Purportedly, Bush was teary-eyed today in his hour-long visit to the memorial to the Shoah and its "Hall of Remembrance." This was all easily written-off as another silly ass PR photo junket (wrapped inside an junket, inside an enigma of an administration). This wasn't enough for George W. Bush, oh no, because genuine brutish stupidity has no sense of irony, and therefore parades itself to anyone and everyone it can. Amazingly, and in-character, President George W. Bush decided that he wanted to spread the message of vengeance once again, but with a curiously garbled irrationality only he can muster: "We should have bombed it [Auschwitz]." Would it have worked? This wasn't clear from the president's incoherent message. "Bomb Auschwitz?" I thought. "Wouldn't that have killed the inmates?" There I went again, using logic.

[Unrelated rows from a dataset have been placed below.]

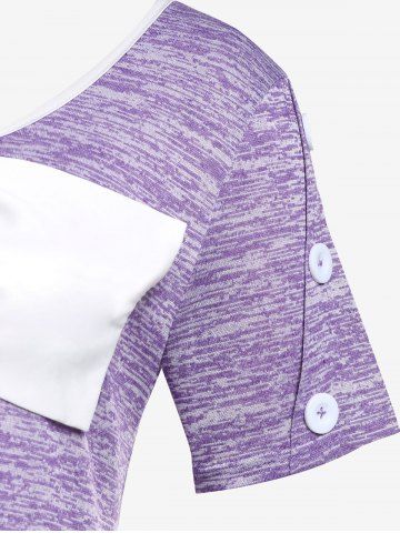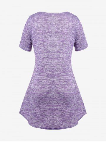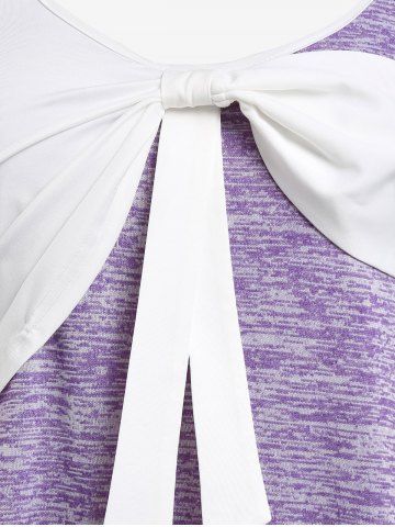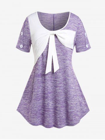 B*****b5Plus Size Space Dye Bowknot T-shirtColor: PURPLE Size: 3XPretty old fashioned designed top with a bow on the front and buttons on the sleeves. The material is soft and comfortable, perfect fit, shipped fast and packaged nicely. High quality design and made very well!
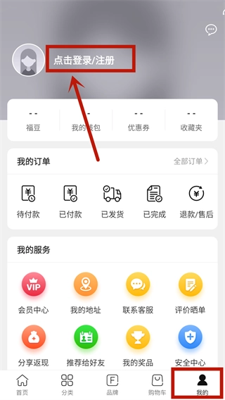 - 若您已是我们的注册用户,可直接点击登录;若是未注册用户,请依照下图箭头指示的位置点击注册。
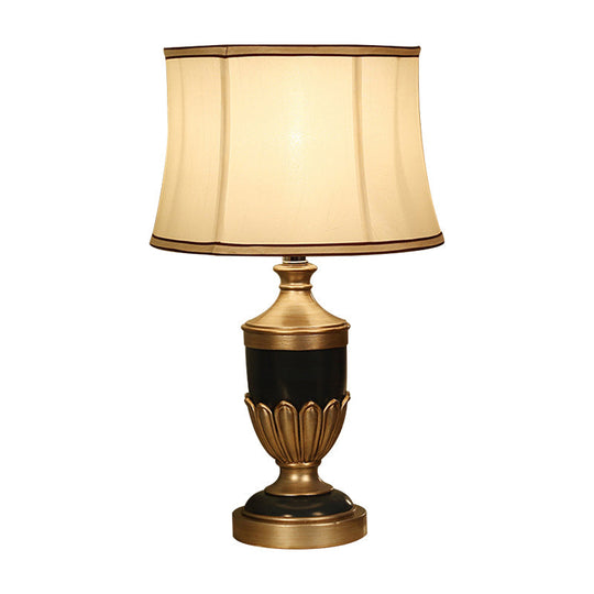 Vintage Drum Desk Lamp With Fabric Night Table Lighting - 1 Head Black/Brown/Green Pot Base Black
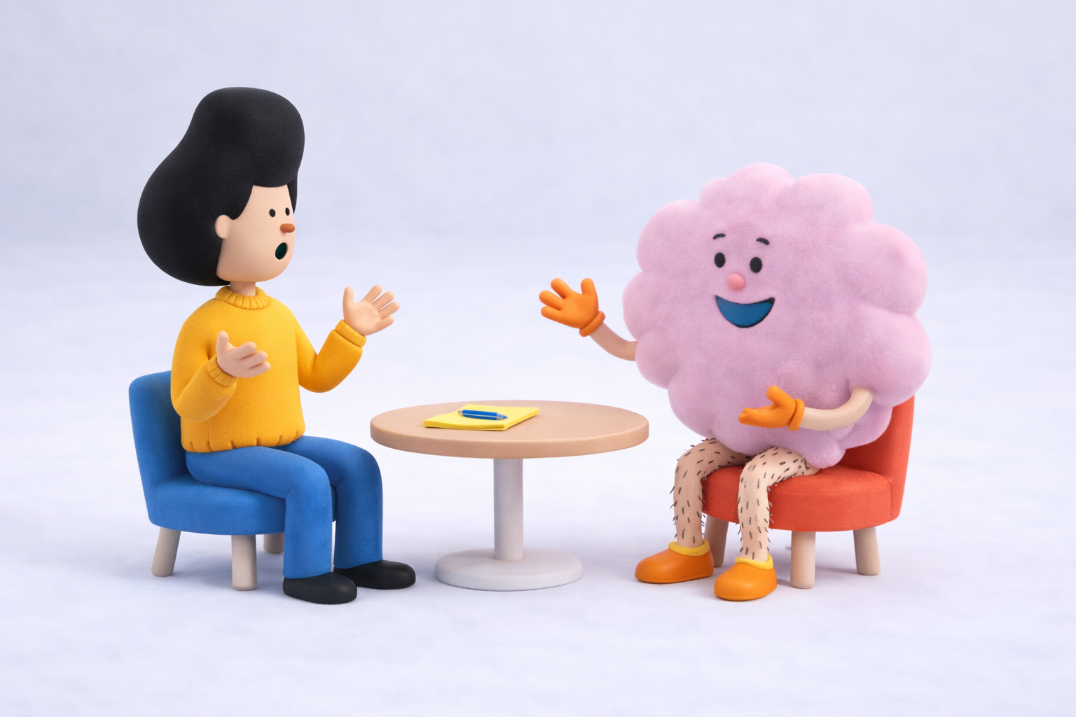 もんももんの弱点はね、すぐ考えすぎるところ。SNSで人と比べて落ち込んじゃうところ。ほんとは行きたくない、やりたくないことも、頼まれたら断れないところ。夜になると急に将来が不安になるところなんだ。

Not being a total idiot (mostly a dry-drunk), Bush had connections that allowed the peculiarly American words to be voiced (in Hebrew) by the chairman of the memorial, Avner Shalev in an anecdote about the president and his Secretary of State, Ms. Rice having a discussion on the subject on the Air Force One flight to Jerusalem. These folks understand vengeance well, old testament style-and-all. Yet, there's a problem with the president's logic--there's an absence of it. A number of Israeli holocaust scholars have some quibbles with the president's readin'-n'-learnin' on history:
[Noted Israeli holocaust scholar Tom] Segev said the question of a bombing was not so clear cut, noting that it wasn't certain the United States had the ability to carry out such an operation. In a response to a request that U.S. forces bomb Auschwitz and the rail lines, John J. McCloy, Roosevelt's assistant secretary of war, laid out the U.S. rationale for inaction. "Such an operation could be executed only by the diversion of considerable air support essential to the success of our forces now engaged in decisive operations elsewhere and would in any case be of such doubtful efficacy that it would not be warrant use of our resources," he wrote in an Aug. 14, 1944, letter. (AP, 01.11.2008, http://enews.earthlink.net/article/int?guid=20080111/4786f7d0_3ca6_1552620080111649273848)

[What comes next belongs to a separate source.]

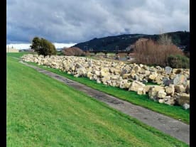 Stop banks on the Hutt river in Wellington.
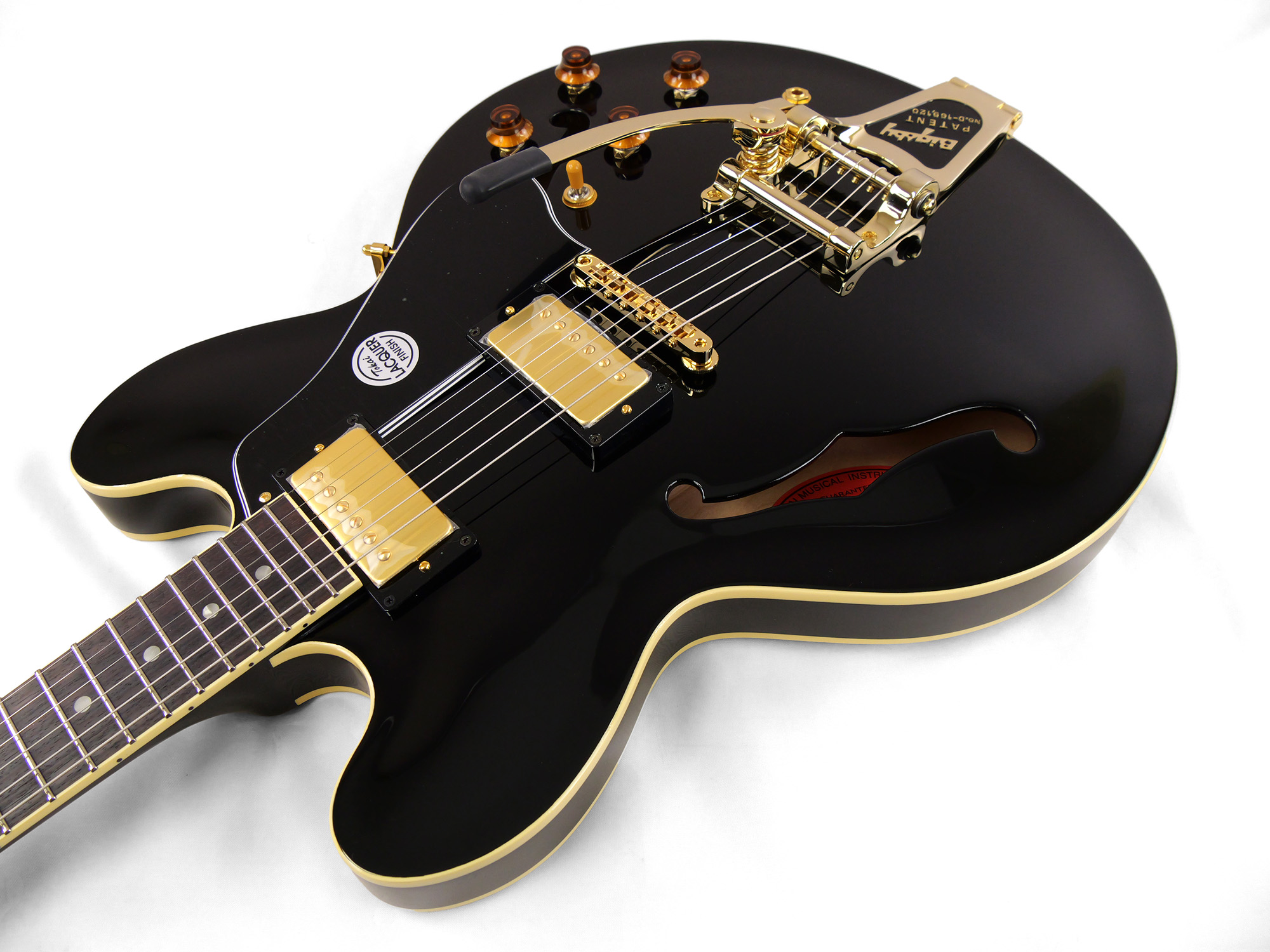 ラッカー塗装、メイプルトップ、メイプルボディ、1ピースマホガニーネック、採用したES-335 スタイル。

And so there's the "Bush II" doctrine on foreign policy when you have a problem to deal with--bomb em.' Worry about the results later. How does any of this make him different from all other U.S. presidents? Hardly at all. Bill Clinton bombed Iraq (causing the deaths of 500,000 Iraqi children as a result) and the Balkans repeatedly for most of his time in office. Reagan bombed Panama, Grenada, Libya, etc. . They like things that go "boom" alongside brown people, it's a presidential thing--you wouldn't understand.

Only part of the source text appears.